In the first scenes of the film, Charlie Chan supervises a deep-sea dive at the wreckage site of Colby’s ship.  The captain tells Mr. Chan, “It’ll be hard on the Colby heirs, if Allen Colby is alive.”  Mr. Chan responds, “Harder on Allen Colby, if he is dead.”

Allen Colby is indeed alive but is killed soon after returning home.  Charlie Chan must solve his murder and the killings that follow before all the Colby family is eliminated.

Warner Oland was born Johan Verner Oland on October 3, 1879 in Sweden.  He originally played on the stage before making his silent film debut in the early 1910s.  Oland has found that he was often cast as Asian characters because of his distinctive facial features.

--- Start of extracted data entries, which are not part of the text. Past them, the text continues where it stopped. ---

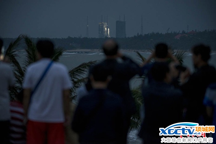 11月3日20时43分,中国最大推力新一代运载火箭长征五号,在中国文昌航天发射场点火升空,约30分钟后,载荷组合体与火箭成功分离,进入预定轨道,长征五号运载火箭首次发射任务取得圆满成功。图为在海南省文昌市龙楼镇淇水湾聚集了众多民众观看长征五号发射。中新社记者 骆云飞 摄
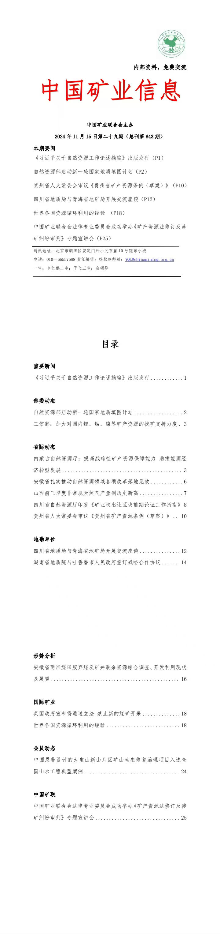 米兰体育官方网页:2024年11月11日—11月15日《中國礦業信息》第二十九期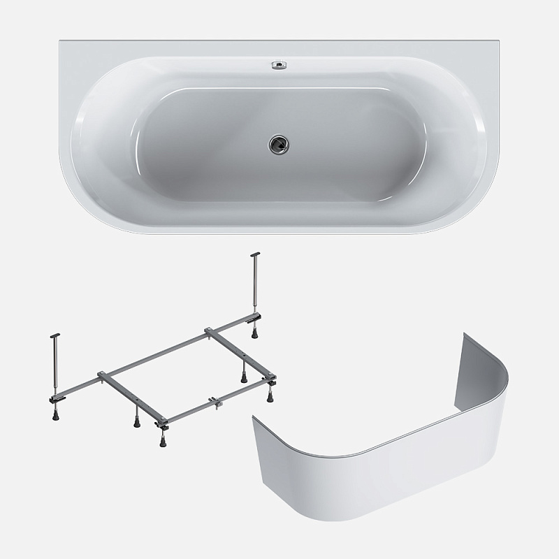 Ванна акриловая закругленная 180x80 AM.PM X-Joy W94A-180U80W-ARP белая глянцевая комплект c каркасом, панелью
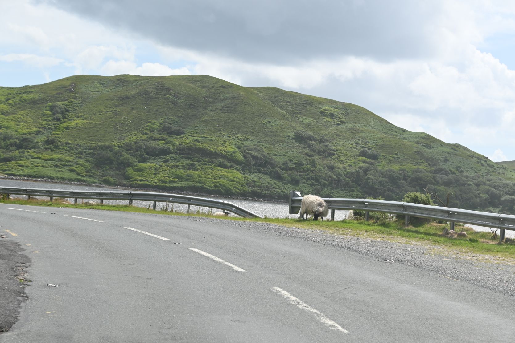 Immer wieder begegneten wir Schafen auf der Strasse 😉 Eine Brücke führt rüber auf die Insel Achill.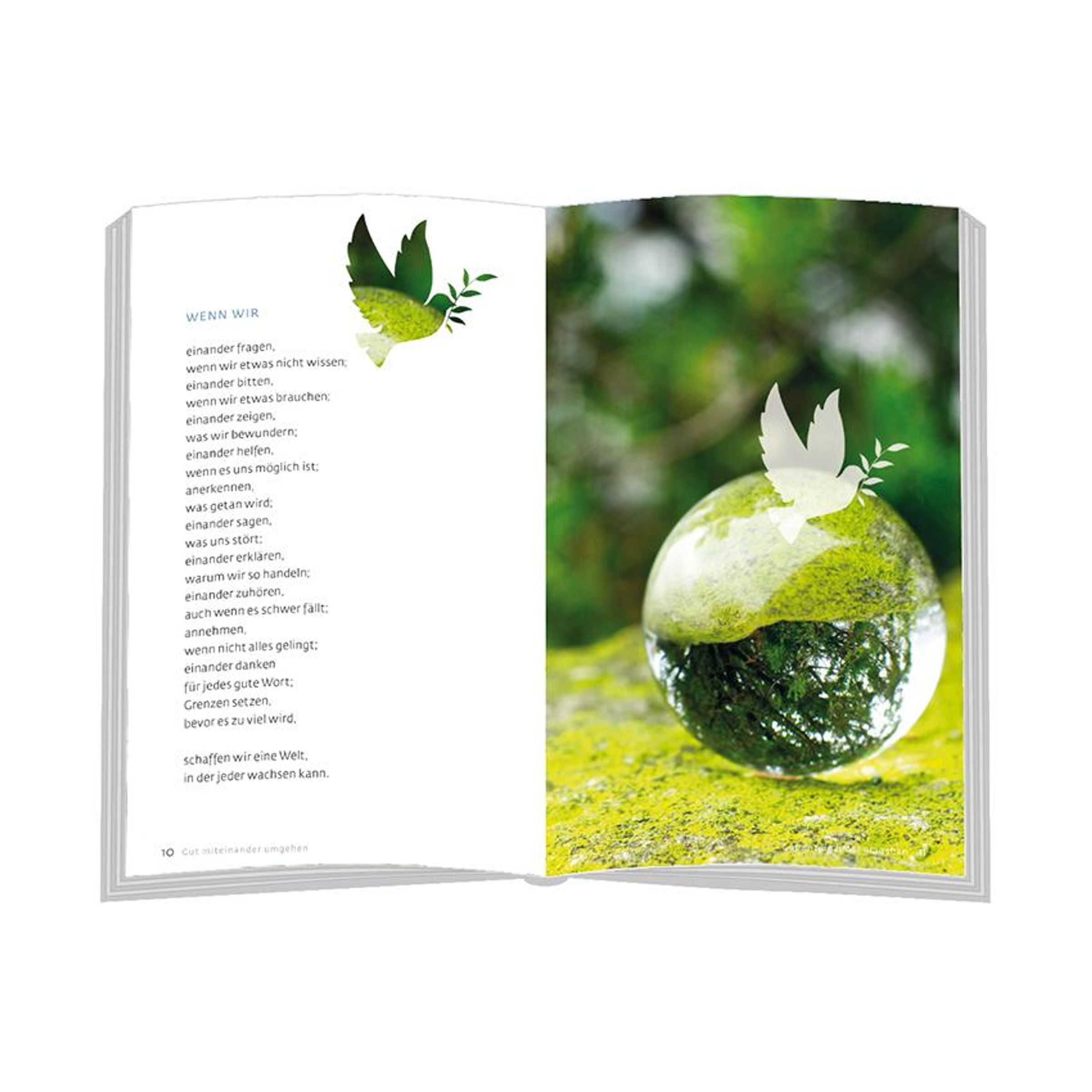 Frieden beginnt in einem selbst. Wer inneren Frieden spürt, der kann ihn nach außen tragen. Mit Respekt, Toleranz und gegenseitigem Verstehen. Manchmal braucht Frieden Mut. Mut, die Hand auszustrecken, Schritte aufeinander zuzugehen, um wieder Versöhnung zu finden. Frieden beginnt im Kleinen und kann Großes bewirken.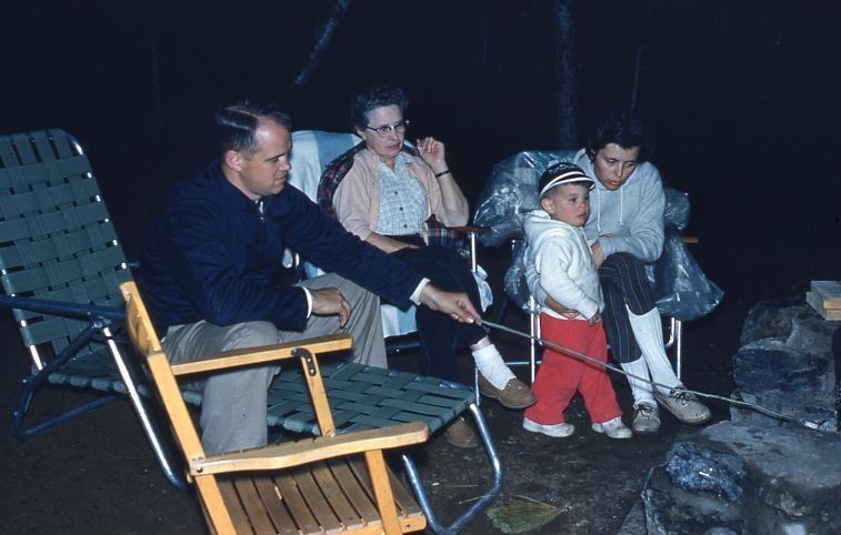Color Kodachrome slide showing three people and a toddler in camp chairs. This item is not fully cataloged but has been uploaded so the image is publicly available; if you would like us to prioritize cataloging this item, please contact the HSL Collections team.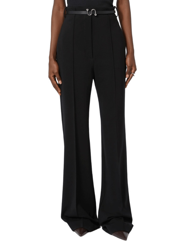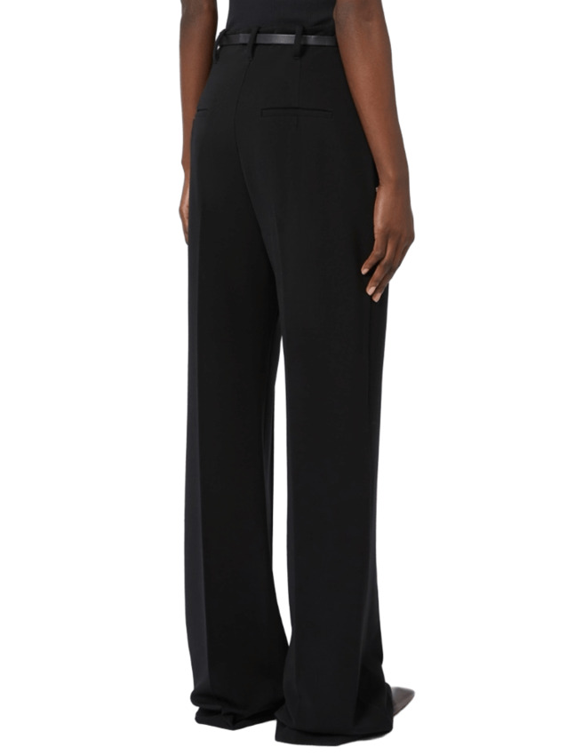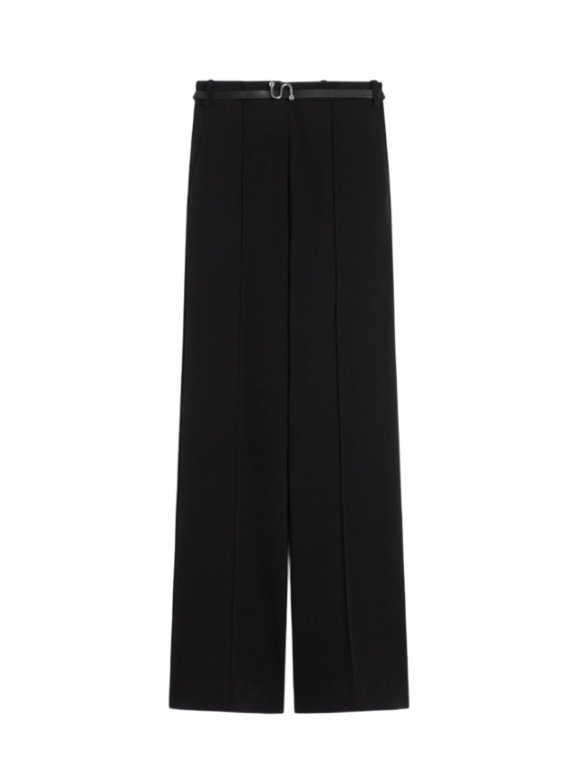 Pantalone realizzato in maglia punto stoffa crêpe, morbido e confortevole. Il modello è caratterizzato da vita alta con cintura in tessuto e fibbia metallica dalla forma a S. Nervature sul davanti e piega stirata sul retro.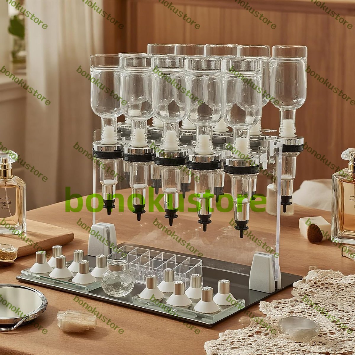 手動香水詰め替えポンプステーション コスメ液体分配器 12本用香水ディスペンサーツール テストカップ付き 液体ディスペンサー ・コスメ・精油・調味料用 定量分配収納ツール バー・スタジオ・サロン・店舗用・研究室 DIY 用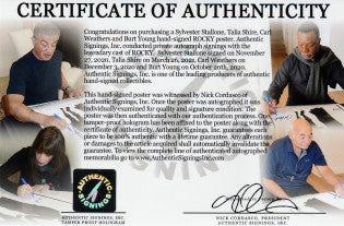 Sylvester Stallone, Talia, Shire, Carl Weathers and Burt Young Autographed ROCKY 24x36 Movie Poster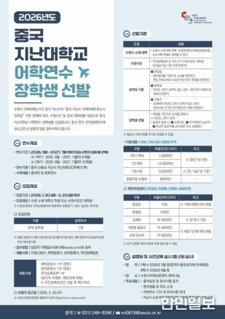 한민일보 서울포커스 진광성 기자 | 수원특례시는 2월 20일까지 ‘2026년도 지난대학교 어학연수 장학생 프로그램’ 참가자 1명을 모집한다.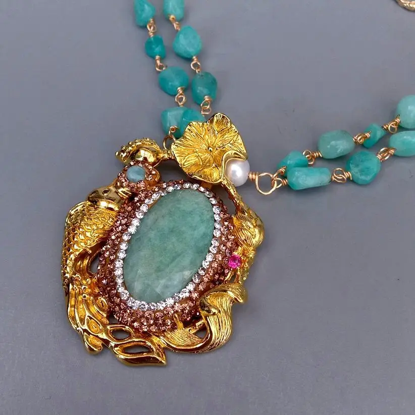 2 Rows Cultured White Rice Pearl Blue Amazonite Necklace Green Amazonite Gold Plated Pendant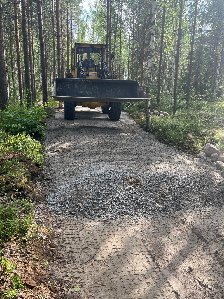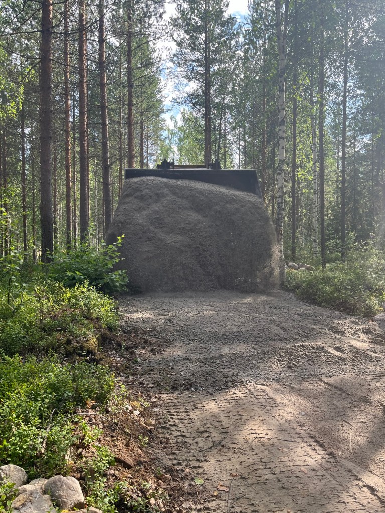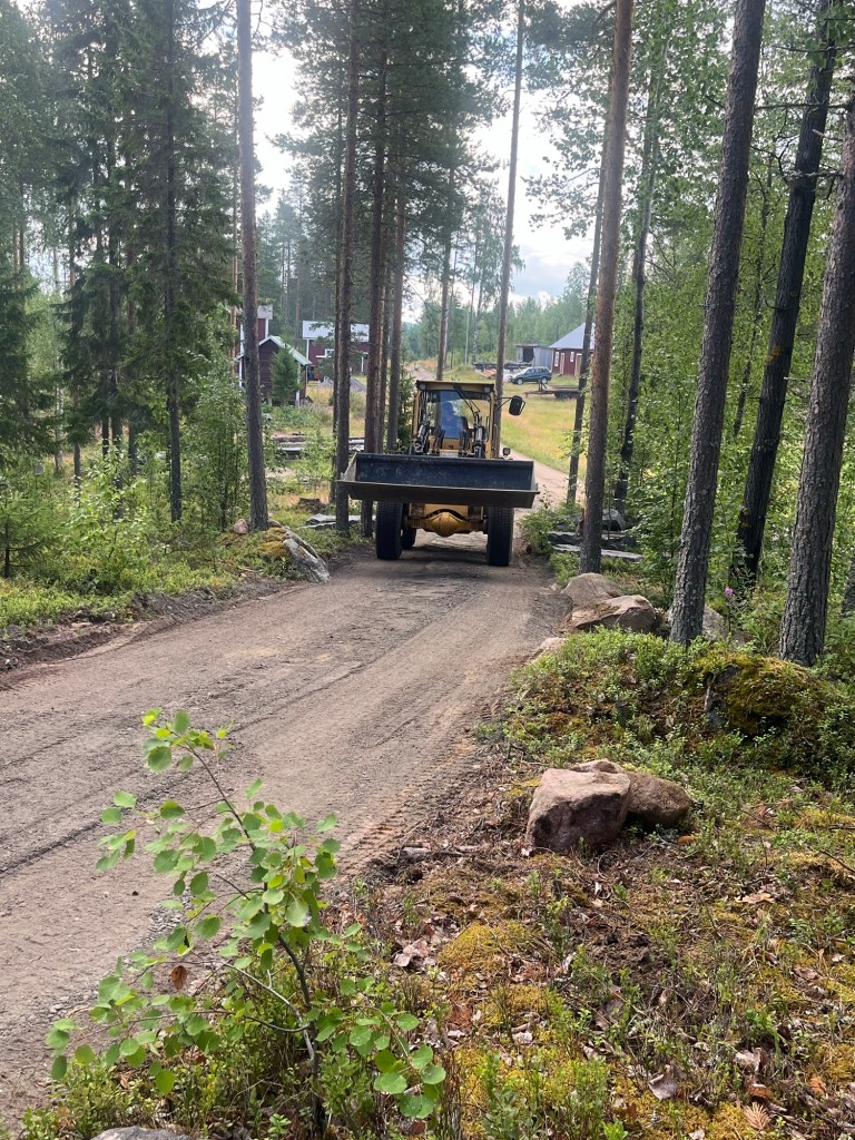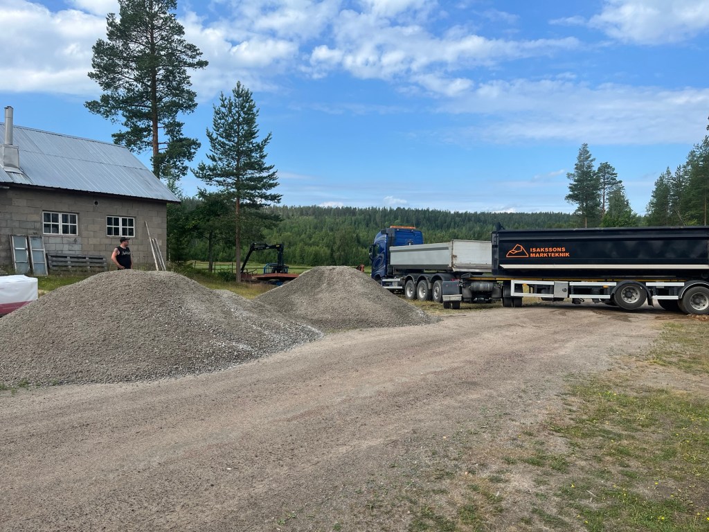Den andra fasen i vägbygget var att fylla på lite ”pinnmo” här och där för att jämna till större ojämnheter. Därefter fyllde vi på totalt närmare 100 ton grus av kvaliteten ”0-18”. Vägen är ca 170 meter lång och ca 3 meter bred och vi fyllde på och plattade till ett lager grus på ca 15 centimeter. Traktorn fick jag låna av grannen Robert Isaksson och Emil Lindgren körde maskinen på ett förtjänstfullt sätt! Min roll var återigen att plocka sten…. Men denna gång återanvände jag stenarna genom att placera dem på sidan av vägen för att hindra gruset att spridas ut för mycket.

According to Keye Luke, the only makeup Oland every wore as Charlie Chan was a little goatee.  Oland first played Fu Manchu before being cast as Charlie Chan.  According to Wikipedia, the series was a large financial successful and kept Fox afloat in the 1930s.

Oland made $40,000 dollars a film and took the role seriously.  However, he battled alcoholism, which would take his marriage and then his life in 1938.  Oland died from pneumonia made worse by his smoking and drinking, while visiting Stockholm in August 6, 1938.  Even though they divorced in April 1938, his ex-wife returned his body to the United States, had him cremated and buried by their former home in Massachusetts.

This film runs about 71 minutes.  Keye Luke is absent as his number one son Lee but the film is entertaining and well-done.  I give it three out of four stars?  How many stars do you give it?